Sorry for the confusion.
First, I was just verifying that we’d need external GPU libraries, too. Those external libs can be a huge pain in R, which won’t let us bundle them with RStan due to size unless they’re very small. Having multiple such external libs makes installation painful, and it’s already a big enough pain point with Stan.
For 32-bit vs. 64-bit, Tensorflow is concentrating primarily on 32-bit arithmetic from what I can see of Edward and elsewhere and what I heard from asking around. Mxnet is concentrating primarily on 64-bit stuff, which is why it’s relevant, as we want to be able to do things like sparse Cholesky factorization efficiently which is challenging if not impossible with single precision.
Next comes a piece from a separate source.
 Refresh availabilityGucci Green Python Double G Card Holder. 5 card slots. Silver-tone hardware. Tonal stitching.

We’re only talking to the mxnet folks so far about adding sparse matrix functionality. It sounds like it’ll be orthogonal to whatever we do with you guys. But if they use CUDA and you use OpenCL, it’ll add yet another dependency and probably restrict us to using either sparse or dense operations and not mixing them if that’s even possible.
Everyone keeps telling us all these dependencies are simple, but they’ve proven to be a huge pain for us to manage through R and Python. I don’t know that we’ll even try to get GPUs working through anythnig other than our CmdStan interface on Linux.
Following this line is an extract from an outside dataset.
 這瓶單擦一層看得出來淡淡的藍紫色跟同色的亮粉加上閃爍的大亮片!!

Hopefully everyone like you who knows more about this than me will be in on any decision to consolidate efforts, but that’s a long way off.
No promises on any long-term support. We just don’t have the staff to make those kinds of commitments. You’re going to be the expert in Stan math and GPU code, so I don’t know what you’re expecting from the other Stan devs here We will continue to answer questions about the math lib for everyone.